Legacy carriers (e.g. Air France/Alitalia) still command a 60% market share of intra-European flights which represents an attractive opportunity for low cost carriers, given their relative cost base advantages and efficient operations. In the US market, the top four airlines have an 80% market share vs. 43% in Europe and so, in tough times, we expect consolidation to accelerate.
Our new investment in Barclays is the first bank investment in the Company's portfolio for over 10 years. We think the core UK deposit/mortgage, payments and credit card franchises are strong, consistent cash-generative businesses. The value of these businesses has historically been suppressed by regulation, complexity and the bank's investment banking operations. We believe the pressure on management from activist Ed Bramson will result in introspection that will release value.
In terms of sales, we reduced a number of holdings that did not fit our revised investment criteria. Our sales were largely in small caps and unquoted equities. We sold five unquoted holdings realising 8.2% of NAV - most notably, Metapack and Gundaline. Metapack was sold at a 25% premium to carrying value, representing an attractive 5.4x return on investment. Our investment in URICA was impaired following a one-off event that restricted the company's prospects for raising funds. For further details see our most recent Half-Yearly Report.
We have further rationalisation to do and expect our number of holdings and unquoted exposure to continue to decline, albeit at a slower pace and, as already stated, new unquoted investments will only be made in exceptional circumstances.
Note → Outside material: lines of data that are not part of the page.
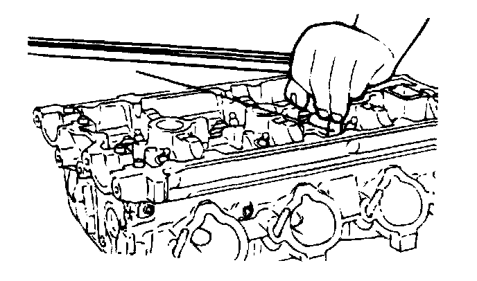 3. Check the cylinder head surface for flatness with a straight edge and feeler gauge as shown in the illustration.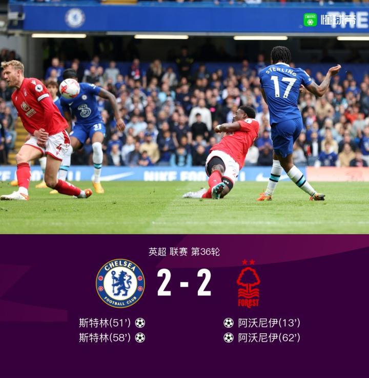 北京时间5月13日22:00,英超第36轮继续进行,切尔西坐镇主场斯坦福桥球场迎战诺丁汉森林,本场主裁判为保罗-蒂尔尼。上半场,阿沃尼伊抓住爱德华-门迪出击失误头槌破门,斯特林失良机,科瓦契奇伤退。下半场,斯特林连下两城上演梅开二度助蓝军逆转,阿沃尼伊扳平比分也完成双响。最终,切尔西主场2-2战平诺丁汉森林。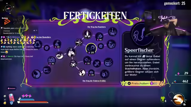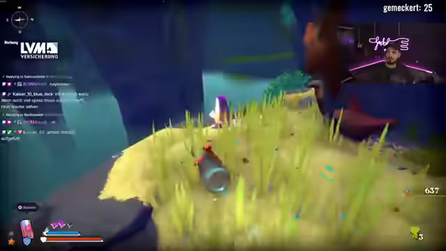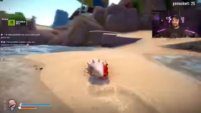 00:29:56Der Streamer erkundet das Wattenmeer und trifft auf eine Zigarette, die ihm von der Herzogin erzählt, die jetzt das Sagen hat und Steuern erhebt. Er erfährt, dass die Herzogin ein Schloss baut und Soldaten anheuert. Er macht sich auf den Weg zum Schloss, um das Missverständnis mit den Steuern aus dem Weg zu schaffen. Unterwegs trifft er auf eine übellaunige Schnecke, die ihn als Schmarotzer beschimpft. Er entdeckt, dass die Gegend mit Zigaretten abgesteckt ist und fragt sich, ob es sich um eine Open-World handelt. Er stellt fest, dass er keine Ausdauer hat und immer zuschlagen und rollen kann. Er findet blinde Passagiere, die er eintauschen kann, und entdeckt Fertigkeiten, die er freischalten kann. Er bemerkt, dass das Spiel zwar gechillt ist, aber tatsächlich ein Soulslike ist. Er findet eine Batterie, die ihm Schaden zufügt, und stellt fest, dass er drei Heilungen hat. Er entdeckt, dass er mit aufgeladenen Angriffen Gegner micro-staggern kann.

Commensurately, the underlying portfolio liquidity will continue to improve, giving us more flexibility.
The table provided further depicts our current positioning based on our sector classification. We have increased advantageously diversification across geographies and sectors, despite now having a more concentrated portfolio. This has reduced the portfolio's sensitivity to any one given risk. For example, historically we had large exposures to oil and asset prices, with positions in oil exploration companies and asset managers. These two sectors now account for 14.4% of our assets vs. 22.0% last year. We have reduced our exposure to asset managers, in particular to reduce sensitivity to global asset prices. As a result, we can now expect returns to come from a broader set of industries with the aim of generating more consistent returns.
We have a bias towards the UK as, on a bottom-up basis, we are finding good evidence to suggest that concerns over the outcome of Brexit has created myopic pricing of UK assets. On our estimates, 46% of the portfolio has revenues derived from the UK and 54% from overseas. Looking at the UK exposure, we estimate that 40% of this is sensitive to the economic cycle - such as our exposure to commercial property (Helical/Capital & Counties), travel (easyJet/Ryanair), and discretionary retail (Dixons Carphone).
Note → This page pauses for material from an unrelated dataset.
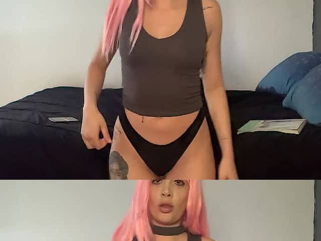 Bimbo Fucks During Livestream in Short Shorts and Heels

However, this means that we judge the majority (60%) of our UK assets to be relatively resilient in tough times. For example, 9% of the portfolio is centred on the provision of food (Tesco/Just Eat/Domino's Pizza). This balance should mean that the portfolio can prosper under a variety of economic outcomes, and we retain scope to alter the balance of our exposures, based on changes in the environment.
In the UK market, the recent period has continued to be characterised by uncertainty because of Brexit, which has resulted in elevated volatility and certain sectors underperforming materially. We think that the premium being placed on good, predictable businesses that are seemingly insensitive to political outcomes is, on the whole, 'sky high'.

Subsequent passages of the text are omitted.